** Opening Listed records block **

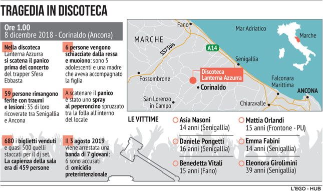Corinaldo, la tragedia in discoteca l'8 dicembre di due anni fa
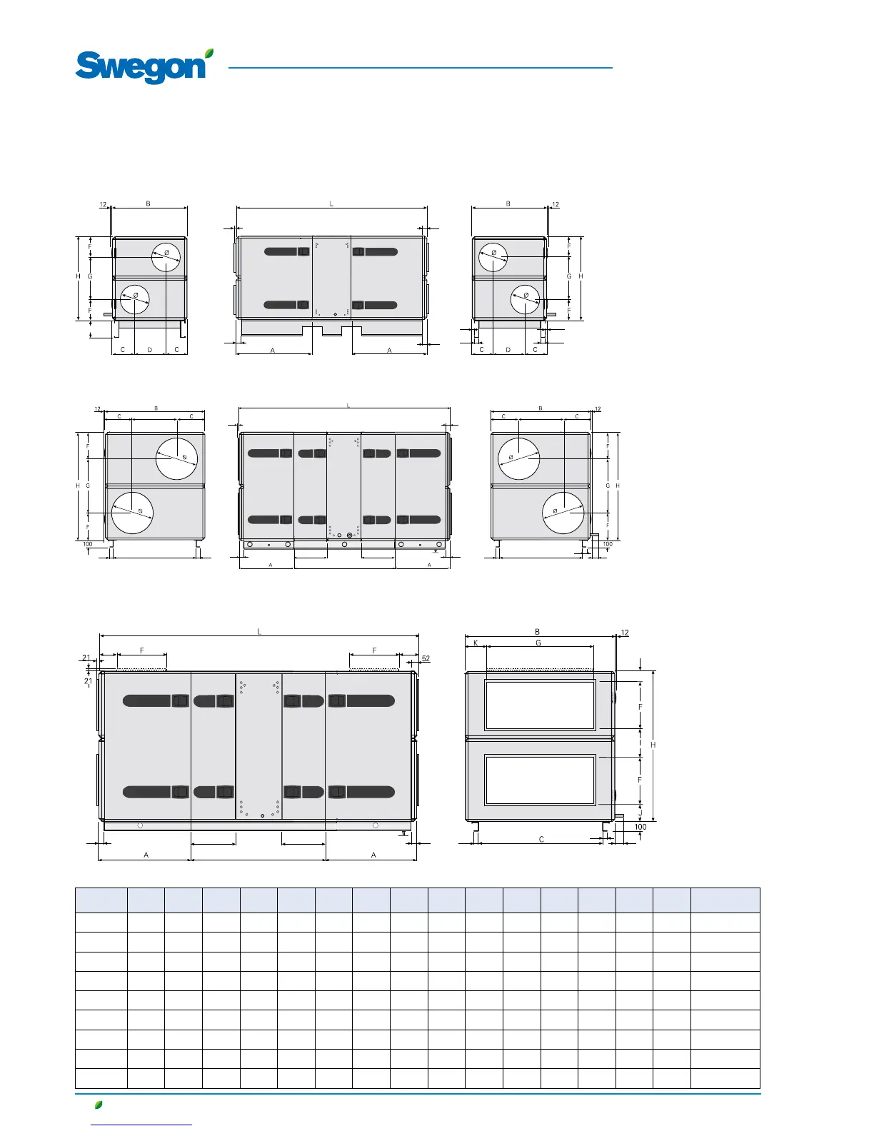 6.2 Dimensions, SILVER C PX one-piece air handling units with plate
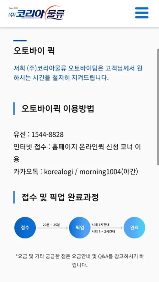 코리아물류는 신속, 정확, 친절을 기본으로 하는 업체입니다.
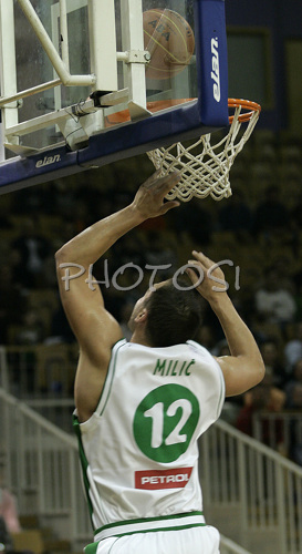 : Marko Milic (no. 12) of Union Olimpija during match NLB League between KK Union Olimpija, Ljubljana, Slovenia and Split Osiguranje, Croatia. Match ended with victory of Union Olimpija, who defeated Split Osiguranje with 85:71. Match between KK Union Olimpija and Split Osiguranje was played in Tivoli hall in Ljubljana, Slovenia on 25. November 2006.
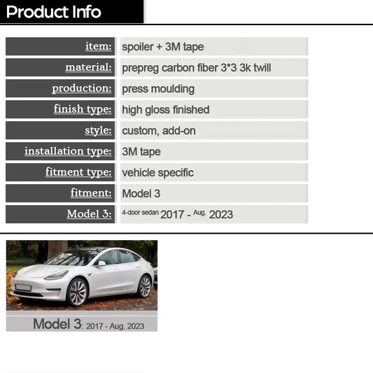 3*3 3K Dry Carbon Press-molding Prepreg Carbon Fiber Rear Lid Spoiler for Tesla 2017 - Aug. 2023 Model 3 (Not for 2023 Refresh)
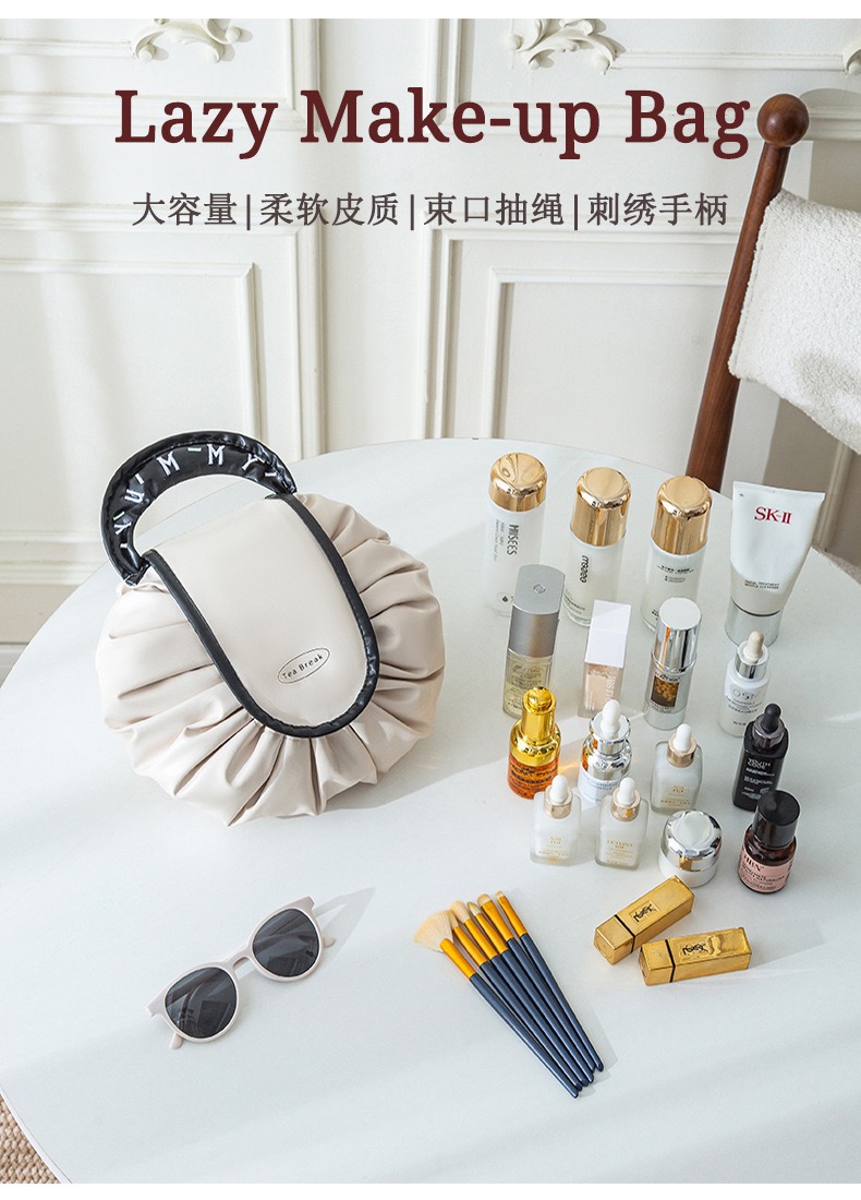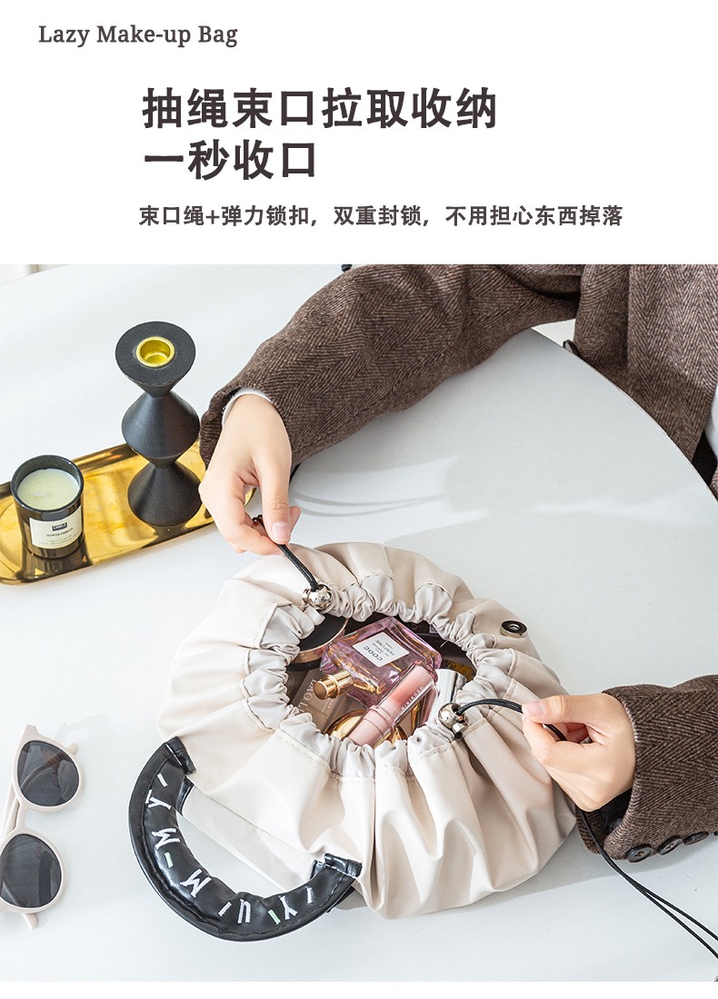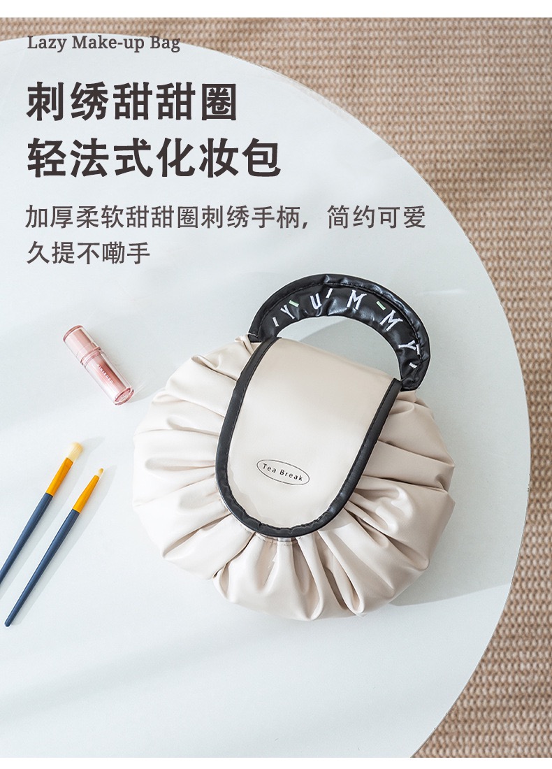 【YW】无忧购【甄选】可爱刺绣甜甜圈大容量防水便携收纳抽绳懒人化妆包AHIG34(截单后7天发货)
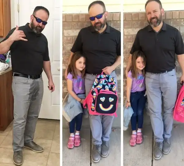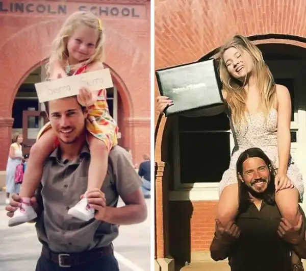 5. «Папа проводил меня до школы в мой первый учебный день. И сегодня, в мой последний учебный день, он снова рядом»
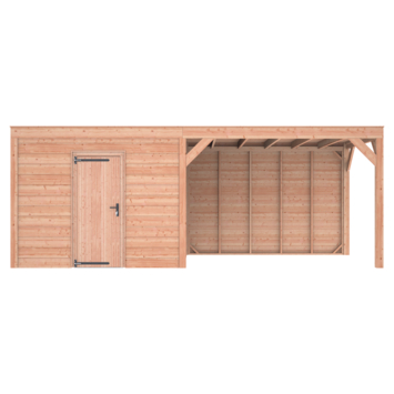 Dit modern vormgegeven tuinverblijf biedt een perfecte balans tussen uitstraling en functionaliteit. De totale afmetingen zijn 245 cm hoog, 645 cm breed en 255 cm diep. De berging heeft een breedte van 328,5 cm met een deur van 75 cm x 192,5 cm.De overkapping heeft een breedte van 278,5 cm en een doorloophoogte van 224 cm.Of je nu een gezellige loungehoek, een opslagruimte of een overdekte plek voor tuinfeestjes zoekt, dit Douglas tuinverblijf is een aanwinst voor iedere tuin.Natuurlijke uitstraling, degelijke kwaliteit.De wanden zijn bekleed met Douglas Zweeds rabat en de constructie is gemaakt van onbehandeld Douglas met stevige staanders van 12x12 cm.De keuze voor onbehandeld Douglas hout biedt een authentieke uitstraling en staat ook garant voor een lange levensduur.Functies:Door een overkapping mét opslag te kiezen, heb je een praktische ruimte om bijvoorbeeld tuingereedschap of fietsen op te slaan en af te sluiten, maar ook voor een ruimte om heerlijk beschut te ontspannen in uw eigen tuin. Het beste van 2 werelden!Klaar voor een groene toekomst:Dit modern vormgegeven tuinverblijf is speciaal ontworpen om zonnepanelen of een sedum dak te kunnen ondersteunen. Hierdoor is dit verblijf een duurzame en milieuvriendelijke aanvulling op uw tuin.Zelf aan de slagDankzij de duidelijke opbouwomschrijving, meegeleverde bevestigingsmaterialen en op maat gezaagde onderdelen, is de installatie van dit tuinhuis een haalbare klus voor iedere gemiddelde doe-het-zelver. Dakbekleding:Wij raden aan om deze Douglas overkapping te voorzien van een EPDM Dakbekleding voor een lekvrij dak (Let op: los bij te bestellen).Onderhoud:Bij het kopen van een overkapping is onderhoud een aandachtspunt… Met Douglas hout heb je het goed voor elkaar, Douglas is namelijk van zichzelf al een sterke houtsoort. Het gaat zonder extra behandeling eenvoudig 10 tot 15 jaar mee. Om de maximale levensduur te verlengen kun je gebruik maken van speciale Douglas beits of Douglas olie en elke 2 jaar opnieuw beitsen of oliën.
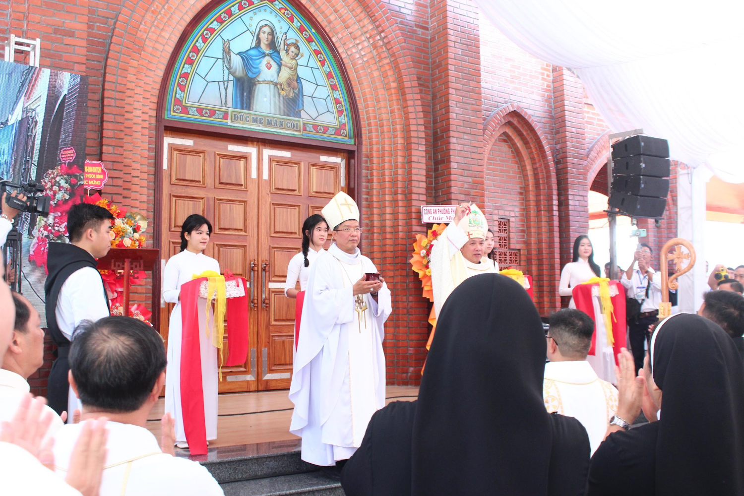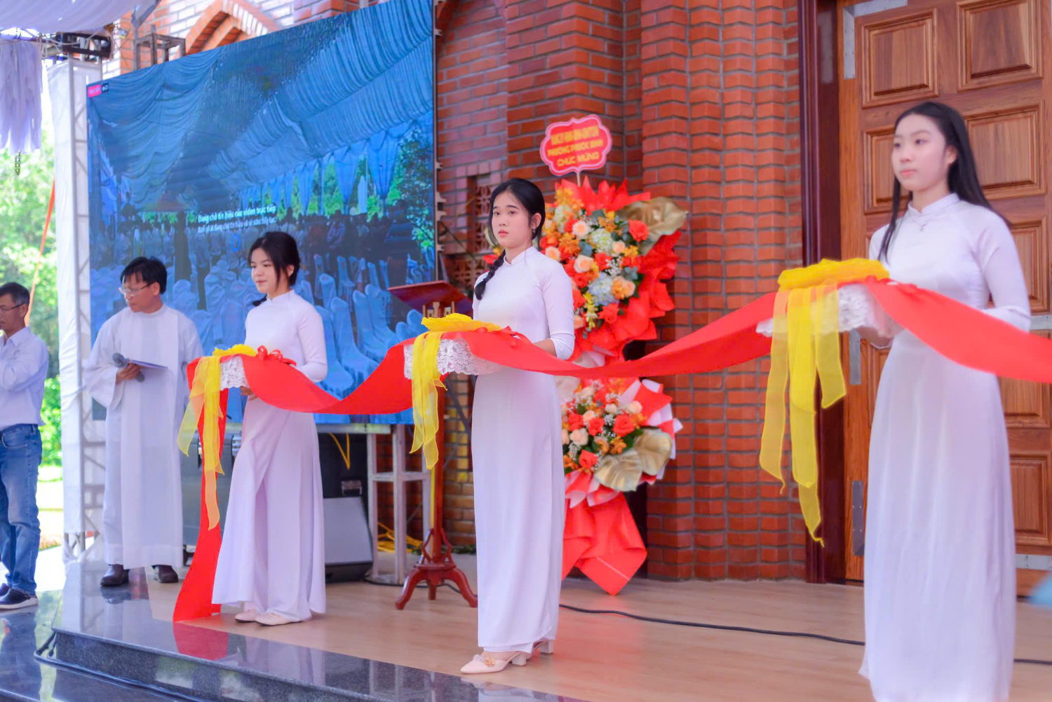 Đúng 8g30, đoàn rước tiến về tiền sảnh Nhà nguyện, sau lời nguyện, Đức Cha Giáo Phận, Đức viện phụ Đan viện và Cha Hạt trưởng hạt Phước Long cắt băng khánh thành.
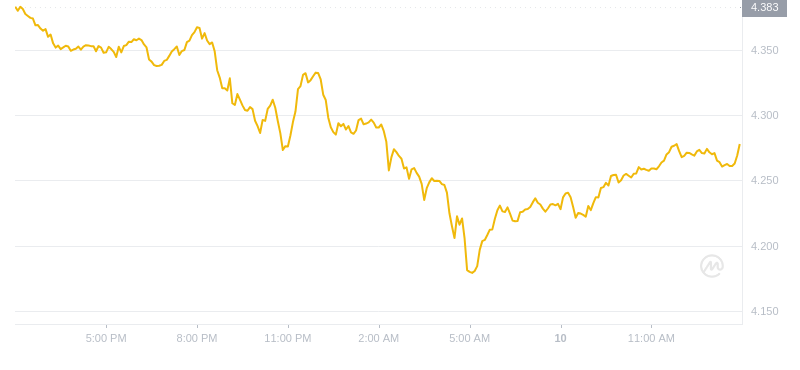截至 2024 年 10 月 10 日 13 时,Cosmos (ATOM) 的价格为 4.26 美元。过去 24 小时的交易量为 80,902,881 美元,流通市值为 16.67 亿美元。
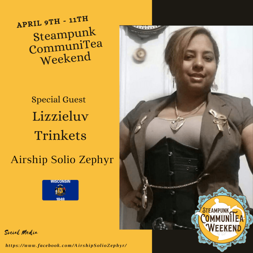 Lizzieluv Trinkets, a trinketeer on Airship Solio Zephyr in Wisconsin, fell in love with steampunk in 2013. When she attended the Steampunk Symposium, she was hooked. Trinkets has always been a helpful ball of aether so she wanted to do something charitable that involved the wonderful steampunk community. After reflecting on whether anyone had ever organized a food drive at any of the steampunk conventions, “Steampunk Provisions for the Hungry” was born. With the help of an amazing group of steampunk friends, Trinkets and the Provisions team collects food and toiletries donated by fellow congoers and distributes them to local pantries. Previous collections have taken place at several Midwestern steampunk conventions, including Motor City Steam Con in metro Detroit and Geneva Steam in Delavan, Wis.
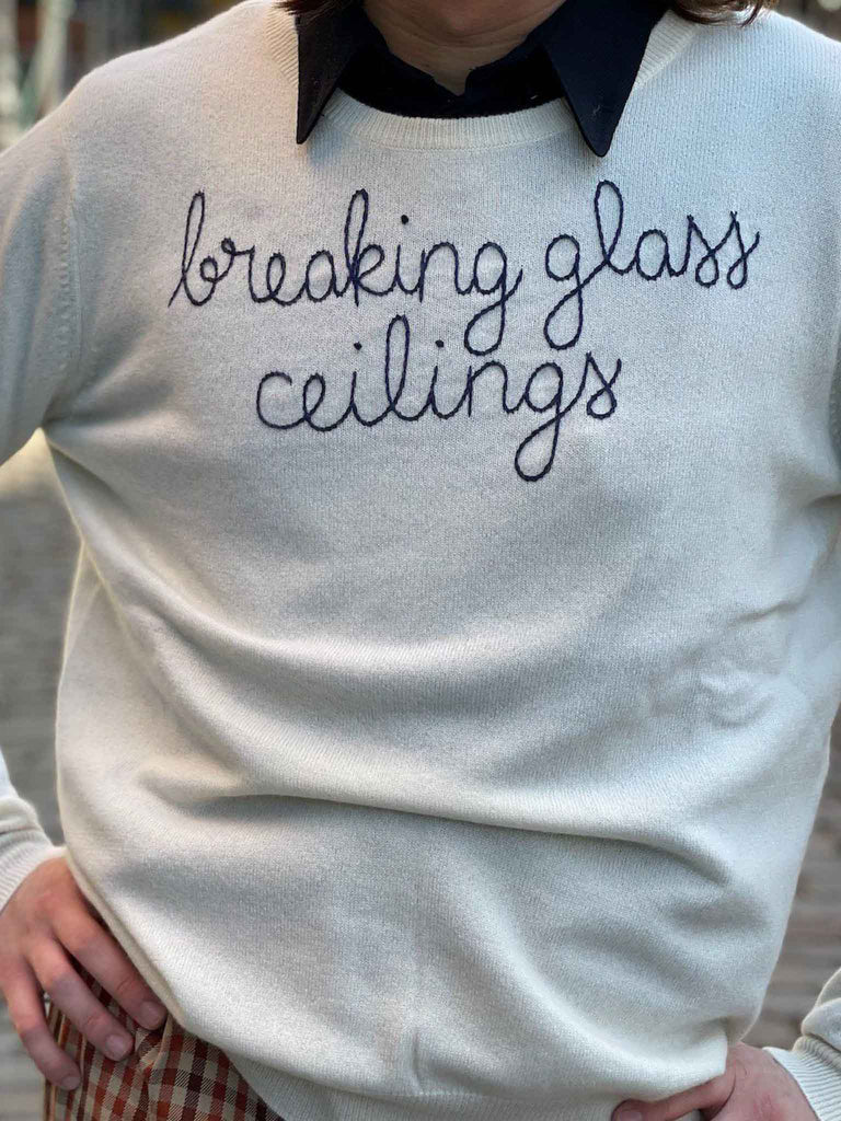 Our classic cashmere crewneck with "breaking glass ceilings" hand-embroidered across the front.

** Closing Listed records block **

▸ What to do: Each line in the records above should be reproduced exactly; images are not copied.

▸ Answer section:
Corinaldo, la tragedia in discoteca l'8 dicembre di due anni fa
 6.2 Dimensions, SILVER C PX one-piece air handling units with plate
 코리아물류는 신속, 정확, 친절을 기본으로 하는 업체입니다.
 : Marko Milic (no. 12) of Union Olimpija during match NLB League between KK Union Olimpija, Ljubljana, Slovenia and Split Osiguranje, Croatia. Match ended with victory of Union Olimpija, who defeated Split Osiguranje with 85:71. Match between KK Union Olimpija and Split Osiguranje was played in Tivoli hall in Ljubljana, Slovenia on 25. November 2006.
 3*3 3K Dry Carbon Press-molding Prepreg Carbon Fiber Rear Lid Spoiler for Tesla 2017 - Aug. 2023 Model 3 (Not for 2023 Refresh)
 【YW】无忧购【甄选】可爱刺绣甜甜圈大容量防水便携收纳抽绳懒人化妆包AHIG34(截单后7天发货)
 5. «Папа проводил меня до школы в мой первый учебный день. И сегодня, в мой последний учебный день, он снова рядом»
 Dit modern vormgegeven tuinverblijf biedt een perfecte balans tussen uitstraling en functionaliteit. De totale afmetingen zijn 245 cm hoog, 645 cm breed en 255 cm diep. De berging heeft een breedte van 328,5 cm met een deur van 75 cm x 192,5 cm.De overkapping heeft een breedte van 278,5 cm en een doorloophoogte van 224 cm.Of je nu een gezellige loungehoek, een opslagruimte of een overdekte plek voor tuinfeestjes zoekt, dit Douglas tuinverblijf is een aanwinst voor iedere tuin.Natuurlijke uitstraling, degelijke kwaliteit.De wanden zijn bekleed met Douglas Zweeds rabat en de constructie is gemaakt van onbehandeld Douglas met stevige staanders van 12x12 cm.De keuze voor onbehandeld Douglas hout biedt een authentieke uitstraling en staat ook garant voor een lange levensduur.Functies:Door een overkapping mét opslag te kiezen, heb je een praktische ruimte om bijvoorbeeld tuingereedschap of fietsen op te slaan en af te sluiten, maar ook voor een ruimte om heerlijk beschut te ontspannen in uw eigen tuin. Het beste van 2 werelden!Klaar voor een groene toekomst:Dit modern vormgegeven tuinverblijf is speciaal ontworpen om zonnepanelen of een sedum dak te kunnen ondersteunen. Hierdoor is dit verblijf een duurzame en milieuvriendelijke aanvulling op uw tuin.Zelf aan de slagDankzij de duidelijke opbouwomschrijving, meegeleverde bevestigingsmaterialen en op maat gezaagde onderdelen, is de installatie van dit tuinhuis een haalbare klus voor iedere gemiddelde doe-het-zelver. Dakbekleding:Wij raden aan om deze Douglas overkapping te voorzien van een EPDM Dakbekleding voor een lekvrij dak (Let op: los bij te bestellen).Onderhoud:Bij het kopen van een overkapping is onderhoud een aandachtspunt… Met Douglas hout heb je het goed voor elkaar, Douglas is namelijk van zichzelf al een sterke houtsoort. Het gaat zonder extra behandeling eenvoudig 10 tot 15 jaar mee. Om de maximale levensduur te verlengen kun je gebruik maken van speciale Douglas beits of Douglas olie en elke 2 jaar opnieuw beitsen of oliën.
 Đúng 8g30, đoàn rước tiến về tiền sảnh Nhà nguyện, sau lời nguyện, Đức Cha Giáo Phận, Đức viện phụ Đan viện và Cha Hạt trưởng hạt Phước Long cắt băng khánh thành.
截至 2024 年 10 月 10 日 13 时,Cosmos (ATOM) 的价格为 4.26 美元。过去 24 小时的交易量为 80,902,881 美元,流通市值为 16.67 亿美元。
 Lizzieluv Trinkets, a trinketeer on Airship Solio Zephyr in Wisconsin, fell in love with steampunk in 2013. When she attended the Steampunk Symposium, she was hooked. Trinkets has always been a helpful ball of aether so she wanted to do something charitable that involved the wonderful steampunk community. After reflecting on whether anyone had ever organized a food drive at any of the steampunk conventions, “Steampunk Provisions for the Hungry” was born. With the help of an amazing group of steampunk friends, Trinkets and the Provisions team collects food and toiletries donated by fellow congoers and distributes them to local pantries. Previous collections have taken place at several Midwestern steampunk conventions, including Motor City Steam Con in metro Detroit and Geneva Steam in Delavan, Wis.
 Our classic cashmere crewneck with "breaking glass ceilings" hand-embroidered across the front.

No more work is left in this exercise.